- Developer(s): Chris Hessing
- Initial release: January 8, 2003
- Stable release: 2.2.0 / January 29, 2010; 15 years ago
- Preview release: 2.2.3 / January 31, 2011; 14 years ago
- Written in: C / C++
- Operating system: Linux, Windows XP, Windows Vista, and Windows 7
- Type: LAN tools
- License: GPL / BSD
- Website: open1x.sourceforge.net

= Xsupplicant =

Computer networking supplicant

Xsupplicant is a supplicant that allows a workstation to authenticate with a RADIUS server using 802.1X and the Extensible Authentication Protocol (EAP). It can be used for computers with wired or wireless LAN connections to complete a strong authentication before joining the network and supports the dynamic assignment of WEP keys.

==Overview==
Xsupplicant up to version 1.2.8 was designed to run on Linux clients as a command line utility. Version 1.3.X and greater are designed to run on Windows XP and are currently being ported to Linux/BSD systems, and include a robust graphical user interface, and also includes network access control (NAC) functionality from Trusted Computing Group's Trusted Network Connect NAC.

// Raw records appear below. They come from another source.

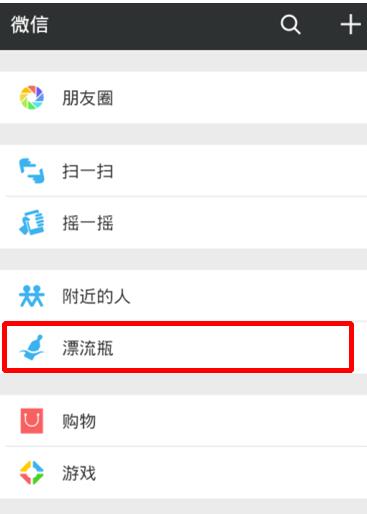 在發(fā)現(xiàn)頁面中,選擇漂流瓶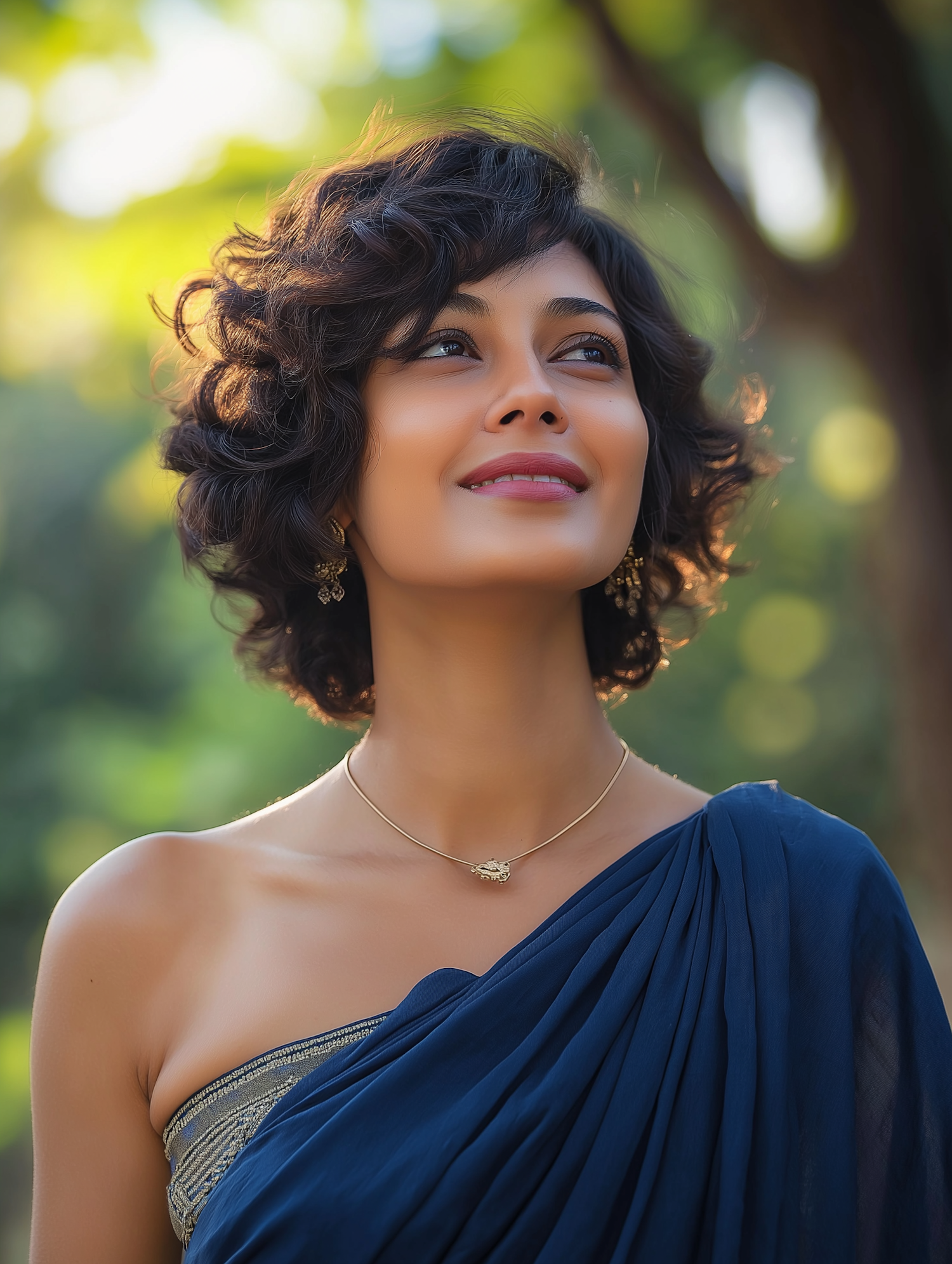 A serene woman with curly hair in a blue off-shoulder dress, adorned with gold jewelry, gazes upwards in a sunlit outdoor setting.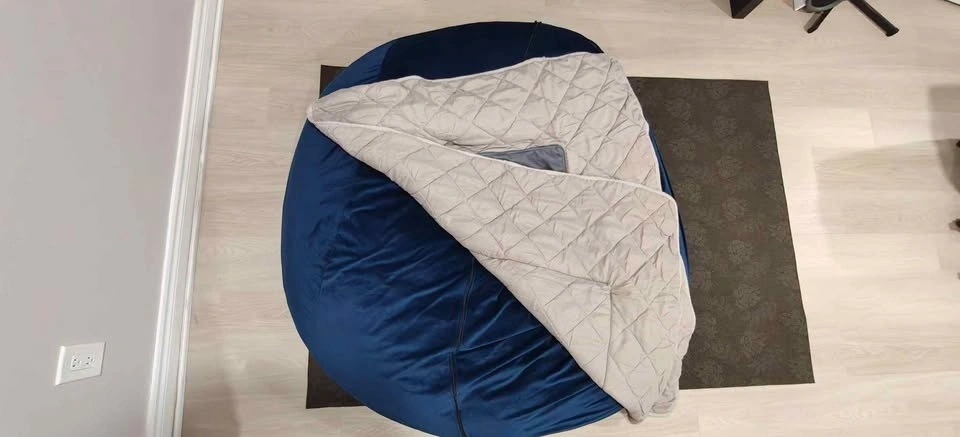 Large Navy Blue Bean Bag: Super soft velvet-style fabric, very comfortable and spacious.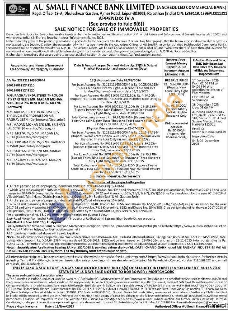 1. All that part and parcel of property, Industrial Land/Plot Total admeasuring 12K-06M. In which Land measuring 08K-00M comprised in Khewat No. 4235 Khatuni No. 4944 and Khasra No. 654//21(8-0) as per Jamabandi, for the Year 2017-18 and Land measuring 04K-06M Comprised in Khewat No. 7453 Khatuni No. 8722 and Khasra no. 655//16/2/2(1-7), 25/1(2-19) as Per Jamabandi for the year 2017-2018 of Village Hansi, Tehsil Hansi, District Hisar, Haryana. Owned By Mr. Raghav Sethi & Mr. Gautam Sethi. 2. All that part and parcel of property, Industrial Land/Plot Total admeasuring 15K-16M In which Land measuring 07K-16M comprised in Khewat no. 4148, Khatuni No. 4856, and Khasra No. 654//19/1(3-16),19/2(4-0) as per Jamabandi for the year 2017-18 and Land measuring 08K-00M Comprised in Khewat No. 7413 Khatuni No. 8682 and Khasra No. 654//20(8-0) as per Jamabandi for the year 2017-2018 of Village Hansi, Tehsil Hansi, District Hisar, Haryana. Owned by Mr. Madan Mohan, Mrs. Meenu & Krishna Devi. For properties serial no. 1 & 2 the combined boundaries are given as below:- East-Road, West-Agri land of Ramji Lal, North-Property of Radha Swami Satsang Ghar, South-Others property Total Built Up Area 66517 Sq. Ft. Approx. For Hypothecated Movable Items & Plant and Machinery Description list will be uploaded on auction portal. (Bank Website: https://www.aubank.in/bank-auction & Auction Platform: https://sarfaesi.auctiontiger.net) All Property as mentioned above will be sold together. Note-The aforementioned properties are cross collateralized with Borrower-M/s. Kailash Cotton Industries, having Loan Account No. 2221211145500963, total outstanding amount Rs. 5,14,64,136/- was on dated 31-08-2024. 13(2) notice was issued on 02-09-2024, and as on 12-11-2025 total outstanding is Rs. 6,29,91,293/-. Therefore, after sale of the property the excess amount received in auction will be adjusted against Loan account No. 2221211145500963 Note: - Securitization Application bearing SA No. 232/2025 is pending before the Hon'ble DRT-II CHANDIGARH, titled MS RAGHAV INDUSTRIES V/S AU SMALL FINANCE BANK LIMITED, there is no stay from any court or tribunal as on date.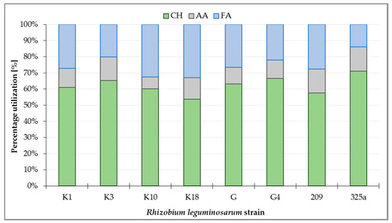 Metabolism analysis of all R. leguminosarum strains with the use of GEN III™ plates showed that carbohydrates (CH) were the most intensively utilized group of substrates, at a total level of about 63.3% (Figure 3). Analyzing the utilization of CH by R. leguminosarum strains, it can be observed that the 325a strain utilized compounds from this group the most intensively (71.05%), while the strain K18 was used the least (53.77%). Fatty acids (FA) were utilized at 13.85% (strain 325a) up to 33.01% (strain K18). The least utilized group of substrates by microorganisms were amino acids (AA), ranging from 7.28% (strain K10) to 15.11% (strain 325a, Figure 3).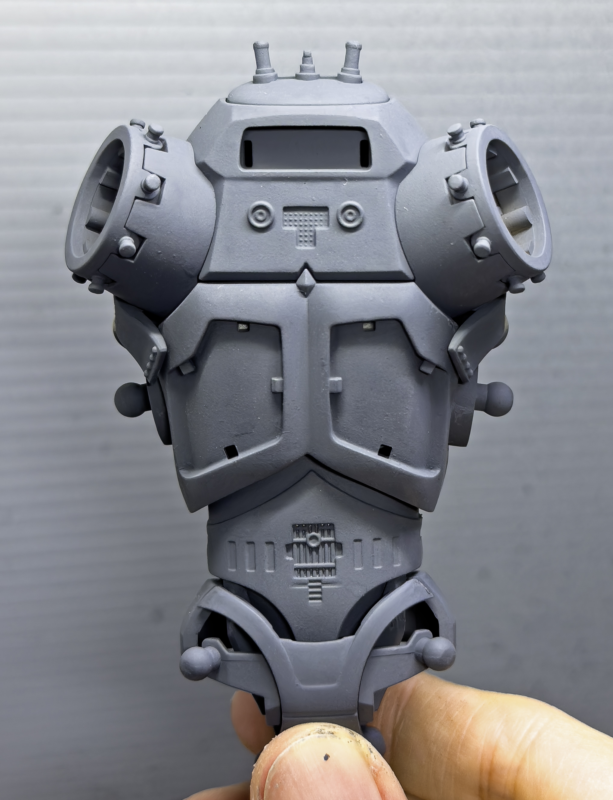 グレーを吹いてみると、パーティングラインや合わせ目、傷などがまだ残っていたので、ヤスリがけして部分的にベースグレーを溶パテ代わりに少し厚めに筆塗りし、乾いてからまたサンドペーパーで均した↓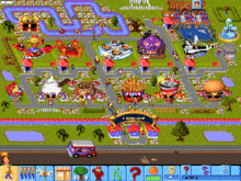 Starting with a free plot of land in the United Kingdom and few hundred thousand pounds, the player must build a profitable amusement park.[2] Money is spent on building rides, shops, and staff,[3] and earned through sale of entry tickets, merchandise, and refreshments.[4] Shops available include those selling foodstuff (such as ice creams) or soft drinks, and games such as coconut shies and arcades.[5] Their attributes can be customised, which may affect customers' behaviour: for example, affecting the flavour of foods (e.g. by altering the amount of sugar an ice cream contains) may affect customers' enticements to return.[6] Facilities such as toilets, and items that enhance the park's scenery (such as trees and fountains) can be purchased.[7] Over thirty attractions, ranging in complexity from the bouncy castle and tree house to more complicated and expensive rides such as the roller coaster and Ferris wheel are available. Also available as rides are shows (called 'acts') with themes such as clowns and mediaeval.[8] Certain rides, such as roller coasters, require a track to be laid out.[9] The ride complement varies between platforms: for example, the PlayStation version is missing the mediaeval and dolphin shows.[10] Rides require regular maintenance: if neglected for too long they will explode.[11] Depending on the platform, it is possible to tour the park or the rides.[12][13]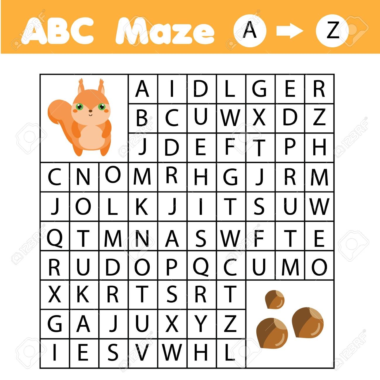 A To Z Maze Game For Children Help Squirrel Go Through Labyrinth Fun Page For Toddlers And Kids Learn English Alphabet Royalty Free SVG Cliparts Vectors And Stock Illustration Image 122279332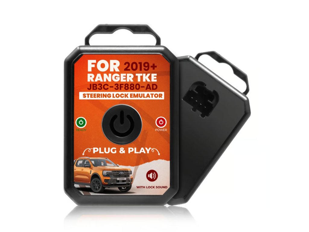 - 38. Ford Ranger 2019+: emulátor pre vozidlá Ford Ranger a Figo ročník 2019+, nahrádza zámok s označením JB3C-3F880-AD (skontrolujte vo vozidle pred objednaním emulátora). Inštalácia Plug and Start = jednoducho zacvaknete do emulátora konektor a bez akéhokoľvek spájkovania / programovania máte chybný zámok volantu nahradený. Tento typ generuje aj zvuk odomknutia.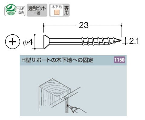 Hサポート(HSF-012)を木下地に固定するための小頭タッピングビスで、カラーバリエーションが豊富である事が特徴(軽鉄下地材には使用不可注意)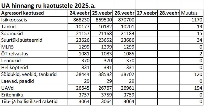 Operatiiv- ja sõjaga seotud info 26. veebruaril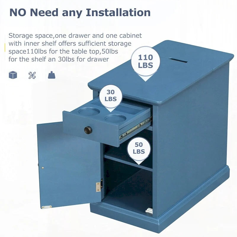 Table d'appoint avec ports USB et un tiroir multifonctionnel avec porte-gobelets

Xsupplicant was chosen by the OpenSea Alliance, dedicated to developing, promoting, and distributing an open source 802.1X supplicant.

Xsupplicant supports the following EAP types:
- EAP-MD5
- LEAP
- EAP-MSCHAPv2
- EAP-OTP
- EAP-PEAP (v0 and v1)
- EAP-SIM
- EAP-TLS
- EAP-TNC
- EAP-TTLSv0 (PAP/CHAP/MS-CHAP/MS-CHAPv2/EAP)
- EAP-AKA
- EAP-GTC
- EAP-FAST (partial)

Xsupplicant is primarily maintained by Chris Hessing.